Reproduce, without alteration, every line of the data; exclude the images.

SUPPLIED INFORMATION Block Start

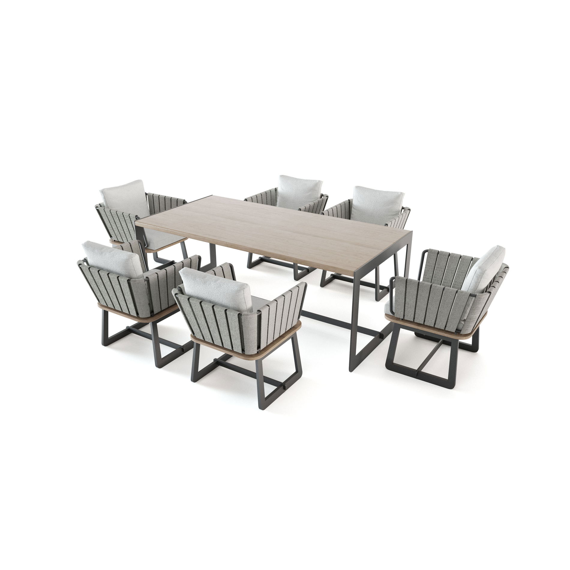 Das Aurora Dining Set bringt die Eleganz urbanen Designs an den Esstisch im Freien. Die Kombination aus einem attraktiven Aluminium-Tisch mit klaren Formen und komfortablen Sesseln mit hellgrauer Seilbespannung schafft ein Ensemble, das sowohl ästhetisch als auch einladend wirkt. Die Mischung aus hellen Stoffen, warmer Holzoptik und dunklen Akzenten verleiht dem Set eine moderne Kontrastwirkung, die den Outdoor-Bereich aufwertet. Mit seiner hochwertigen Verarbeitung bietet das Aurora Dining Set die perfekte Basis für stilvolle Dinner im Freien – von der geselligen Runde bis zum exklusiven Abendessen unter urbanen Himmel.
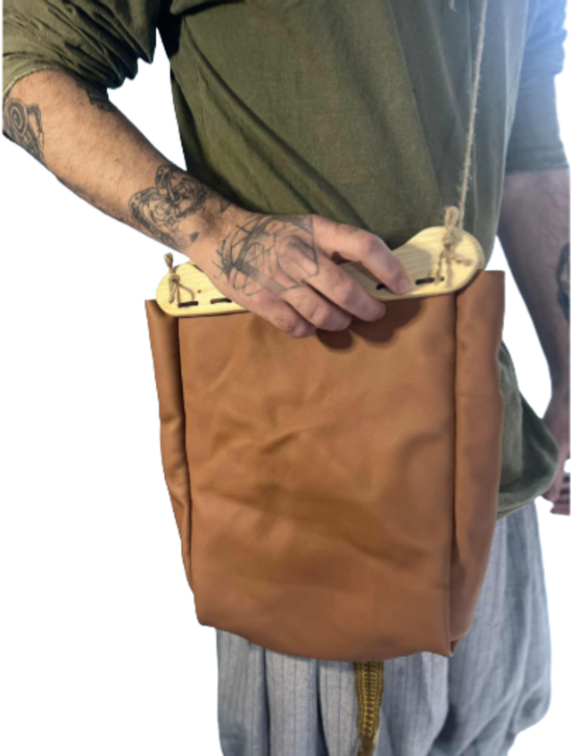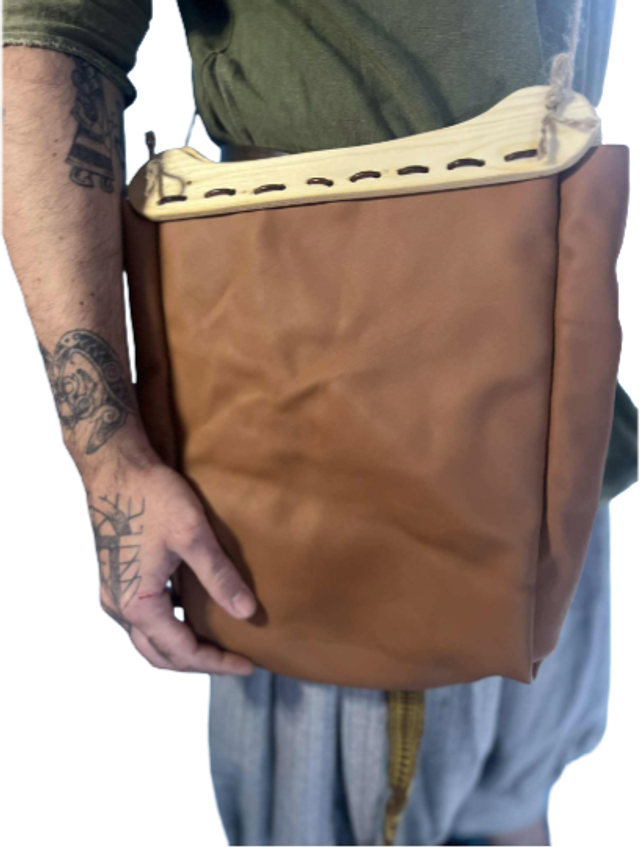 Sac bandoulière viking historique, anses en bois sourcé Haithabu, en Allemagne. Entièrement assemblé à la main, cuir souple cognac. Les Anses proviennent de chez " Les Boucliers De Volund ",et mesures 28cm de long pour 5 à 3 cm de large.
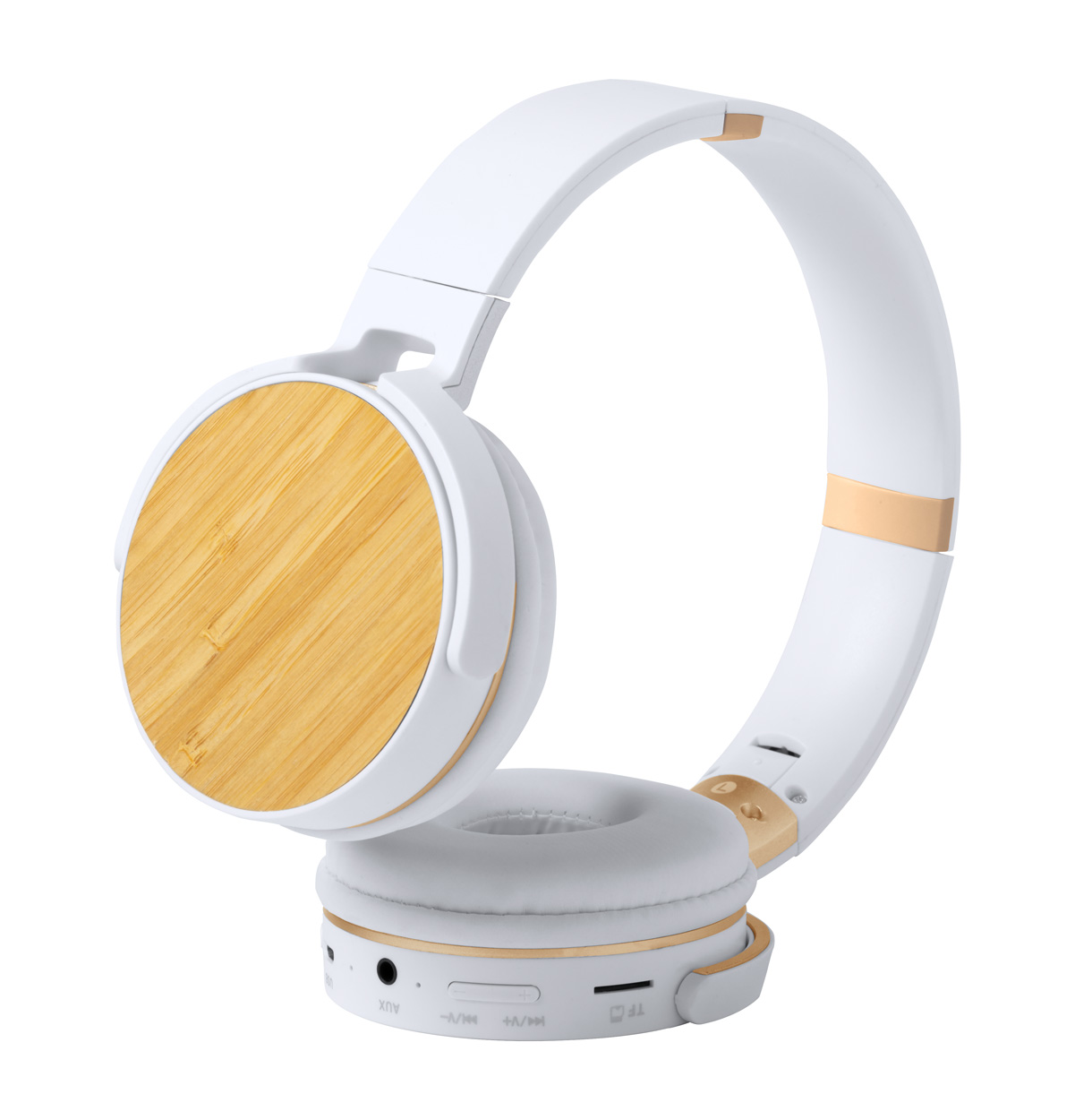 Kabellose Kopfhörer mit Bambusdekor und eingebautem Akku. Mit Freisprechfunktion und Micro-SD-MP3-Wiedergabefunktion. Inklusive 3,5 mm Audio Jack und USB-Ladekabel.

SUPPLIED INFORMATION Block End

## TASK ANSWER
 Das Aurora Dining Set bringt die Eleganz urbanen Designs an den Esstisch im Freien. Die Kombination aus einem attraktiven Aluminium-Tisch mit klaren Formen und komfortablen Sesseln mit hellgrauer Seilbespannung schafft ein Ensemble, das sowohl ästhetisch als auch einladend wirkt. Die Mischung aus hellen Stoffen, warmer Holzoptik und dunklen Akzenten verleiht dem Set eine moderne Kontrastwirkung, die den Outdoor-Bereich aufwertet. Mit seiner hochwertigen Verarbeitung bietet das Aurora Dining Set die perfekte Basis für stilvolle Dinner im Freien – von der geselligen Runde bis zum exklusiven Abendessen unter urbanen Himmel.
 Sac bandoulière viking historique, anses en bois sourcé Haithabu, en Allemagne. Entièrement assemblé à la main, cuir souple cognac. Les Anses proviennent de chez " Les Boucliers De Volund ",et mesures 28cm de long pour 5 à 3 cm de large.
 Kabellose Kopfhörer mit Bambusdekor und eingebautem Akku. Mit Freisprechfunktion und Micro-SD-MP3-Wiedergabefunktion. Inklusive 3,5 mm Audio Jack und USB-Ladekabel.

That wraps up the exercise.